EXERCISE REQUIREMENTS:
Find the line that contains "Рис.3. Ознаки ланцюга" in the entries below. Output it and each later line exactly, and nothing else.

DATA FOR THE TASK:
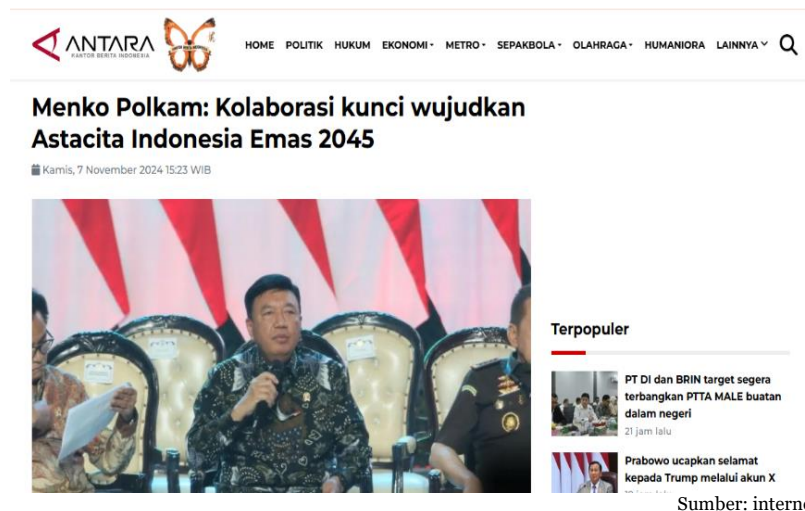
Gambar 2 Program bangsa menuju Indonesia Emas

Dengan dua momen positif ini efek yang ditimbulkan sangat dahsyat. Apalagi jika ditambah dengan prestasi-prestasi kelas dunia lainnya yang kemudian menggaung ke seluruh dunia dapat menumbuhkan persepsi positif warga dunia kepada bangsa ini. Indonesia yang semula dianggap remeh kini mulai menggaung dan menunjukkan bukti kemajuan menjadi negara yang diperhitungkan.
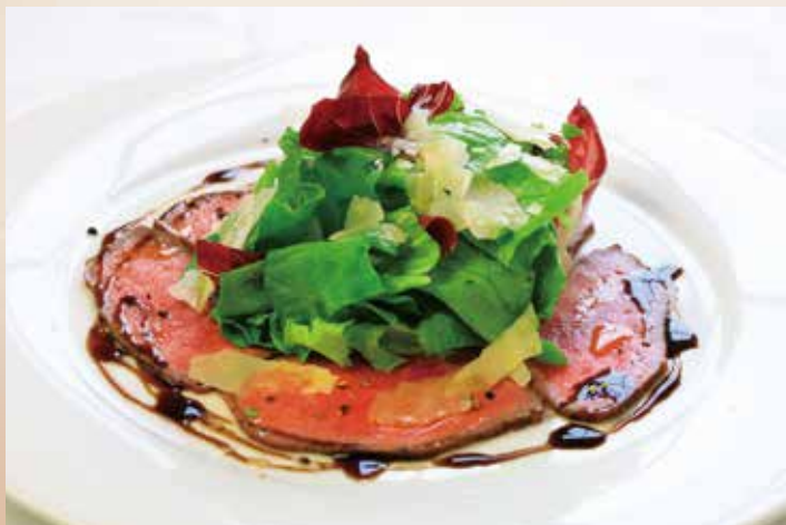
牛もも肉のカルパッチョ風サラダ Beef Carpaccio with Salad 1,390 (税込1,529)
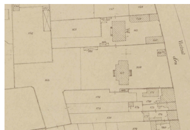
Extrait du cadastre de 1933. Section C1, parcelles 165 à 169 (AD Somme ; 73W_CP_496_6). IVR32_20208005165NUCA
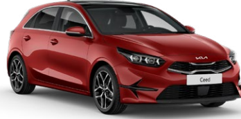
Manyetik Kırmızı (AA9)
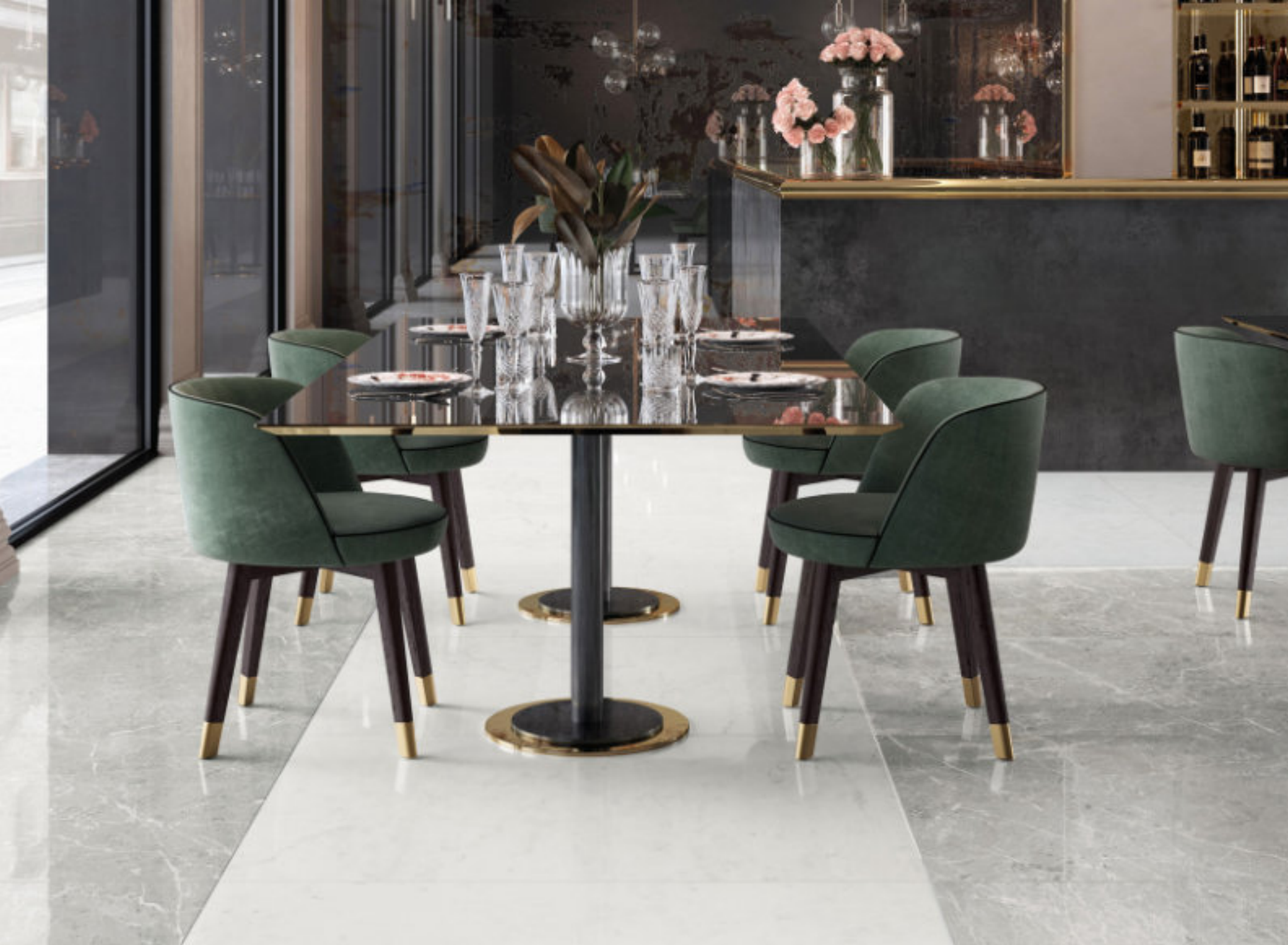
Pure Supreme Grey 120 × 120
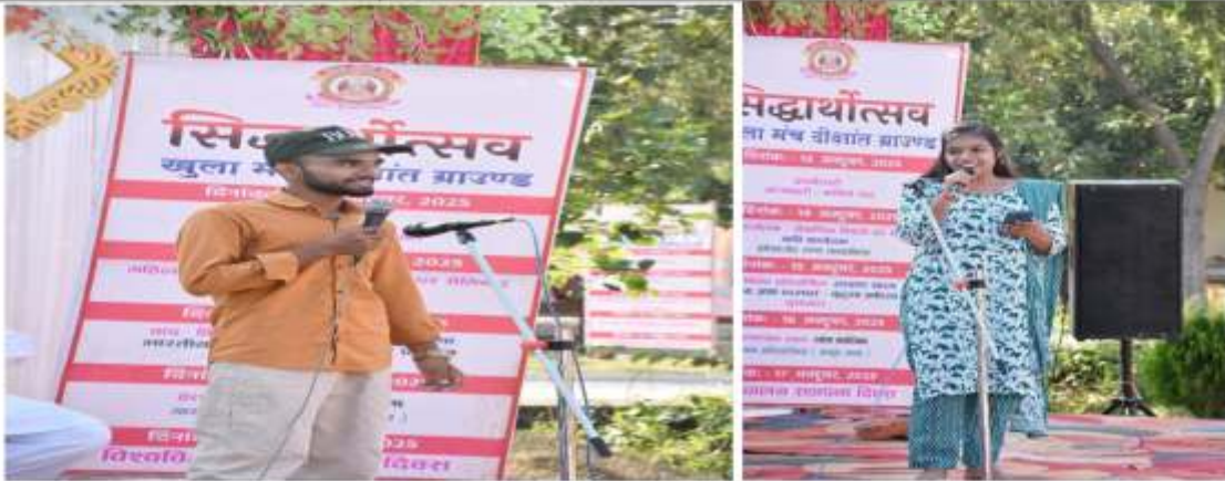
वाद विवाद प्रतियोगिता
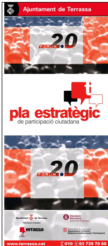
Flyer Fòrum 2.0
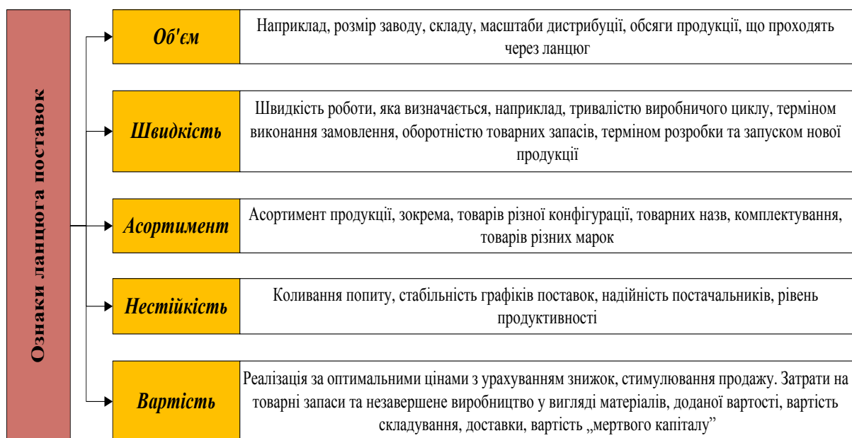
Рис.3. Ознаки ланцюга доставок [розроблено автором на основі джерела: 4, с.52].

Також ефективність функціонування ланцюга доставок можна визначити за допомогою наступних ознак, відображених на рис.3.

ANSWER FOR THE TASK:
Рис.3. Ознаки ланцюга доставок [розроблено автором на основі джерела: 4, с.52].

Також ефективність функціонування ланцюга доставок можна визначити за допомогою наступних ознак, відображених на рис.3.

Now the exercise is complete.